# Buyer wats to pay by Postal Order on Ebay - help



## VW Golf-Fan (Aug 3, 2010)

I sold an item the other day for £10.53 with £1.50 postage & stated in my listing that the only methods of payment I would accept were Paypal or Cheque.

The day after the listing ended the buyer sent me message saying that he would be paying by Postal Order and asked where to send it etc.

I messaged him back saying I didn't accept PO's & as of yet haven't heard back from him.

What should I do.........wait for his response & give him say a week to pay by PP or Cheque or file a Non-Payment say after 7 days?

TIA


----------



## steveo3002 (Jan 30, 2006)

id take it , some folk are behind the times and dont have paypal etc

its safe to take it


----------



## nog (Jul 14, 2013)

Been a while but you can cash a postal order at the post office IIRC


----------



## M4D YN (Nov 24, 2007)

Its 12 quid don't panic lol and it costs him more to buy the PO in first place so just take it or cancel the sale and tell ebay


----------



## Kimo (Jun 7, 2013)

Po is quicker than cheque ...


----------



## bradleymarky (Nov 29, 2013)

I accepted in once and used it to pay for more parcels posting, you dont get change from postal orders iirc.


----------



## Naddy37 (Oct 27, 2005)

VW Golf-Fan said:


> I
> I messaged him back saying I didn't accept PO's & as of yet haven't heard back from him.

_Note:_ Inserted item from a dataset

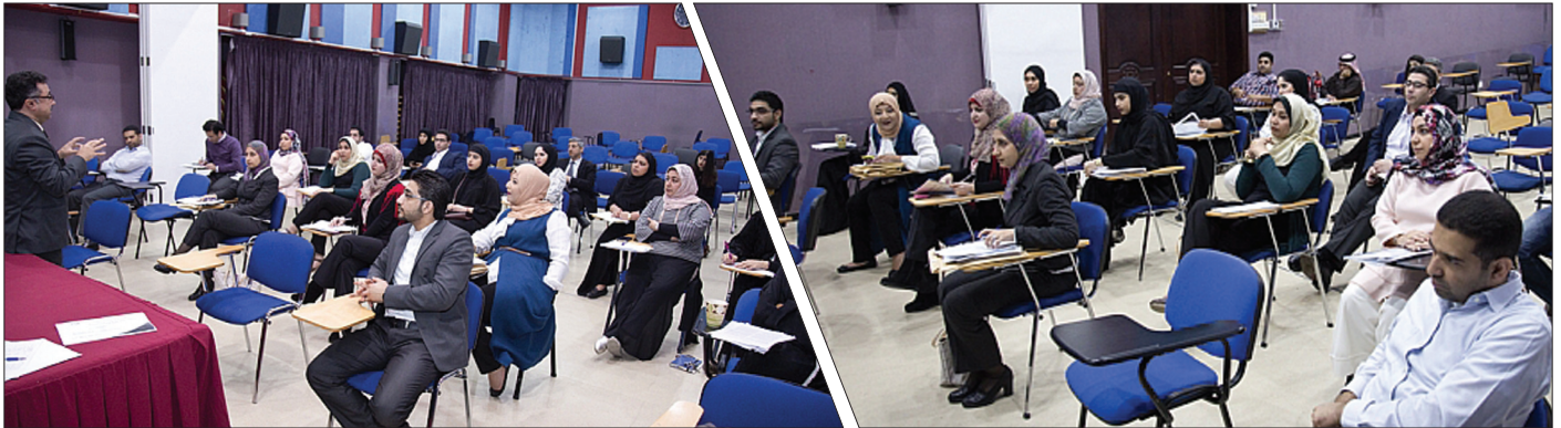
دورة في مجال الاحصاء في البحث العلمي

I know it's a PITA that the buyer didn't fully read your terms. But, it'll be more hassle if you cancel the order etc, plus the buyer could turn nasty and report you to eBay thru no fault of your own.

As others have said, accept the PO, it's easier, and quicker than a cheque etc.


----------



## steveo3002 (Jan 30, 2006)

plus they wont scam you for a refund


----------



## Vossman (Aug 5, 2010)

Just pay it into your bank unless your desperate for the cash then go to the post office - all is safe unless its forged ... lol


----------



## AllenF (Aug 20, 2012)

Its as good as cash.
Take it to post office smile at lady behind counter give her PO and she smiles back and gives you money. A LOT easier than find time to goto bank try and park then find after three working days it bounces


----------



## 20vKarlos (Aug 8, 2009)

there are two types of a postal order...

- Postal Order.. which is basically cash, just with a post office stamp on it.
- Crossed Postal order (i think its called) - which can only be paid into a bank account and It MUST be paid into the Payee's account i.e. the account with your name on it! This method also clears in your bank immediately I believe

Plus, if they are sending a postal order, they get charged 30p for the privilege of sending one! so most of them are genuine.

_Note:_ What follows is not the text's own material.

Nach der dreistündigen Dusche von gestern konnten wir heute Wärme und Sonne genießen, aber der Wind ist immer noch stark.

p.s. a Postal or to some people is a cheque! :thumb:


----------



## Guitarjon (Jul 13, 2012)

I'll hold my hands up and say I have no idea how postal orders work but I always associated them with scammers?


----------



## lshigham (Apr 14, 2014)

Guitarjon said:


> I'll hold my hands up and say I have no idea how postal orders work but I always associated them with scammers?


Nope perfectly legit, think of them as a cheque issued by the Post Office after they have been given the cash.

Think I had one in the entire time I was selling for a living on eBay in 4000 odd transactions.


----------



## steveo3002 (Jan 30, 2006)

Guitarjon said:


> I'll hold my hands up and say I have no idea how postal orders work but I always associated them with scammers?


no not at all

just an old fashioned way of paying for things , back in the 70s or before if you wanted to buy mail order stuff thats how you did it , not everyone had cheque books and there was no credit cards

the fact the buyer has to visit a post office and pay over the face value for it means theyre likley genuine , probably an older person that doesnt trust credit cards etc too much


----------



## JB052 (Mar 22, 2008)

As stated by others, just a method of payment usually used by older people who trust the post office more than the banks and the internet.


----------



## Marve (Jul 5, 2013)

I remember buying a car once and using a postal order. It was the safest way. As stated, a cheque takes 3 days to clear and can bounce and only had a £200 cheque guarantee card or something. So short of taking £3,500 in cash with me, which was not really an option for a 19 year old, a postal order was the way to go so I could take the car away there and then.


----------



## chrisc (Jun 15, 2008)

just watch they dont try the ive posted it you must have had it trick.
got to be quick to get one past me on the little scams.


----------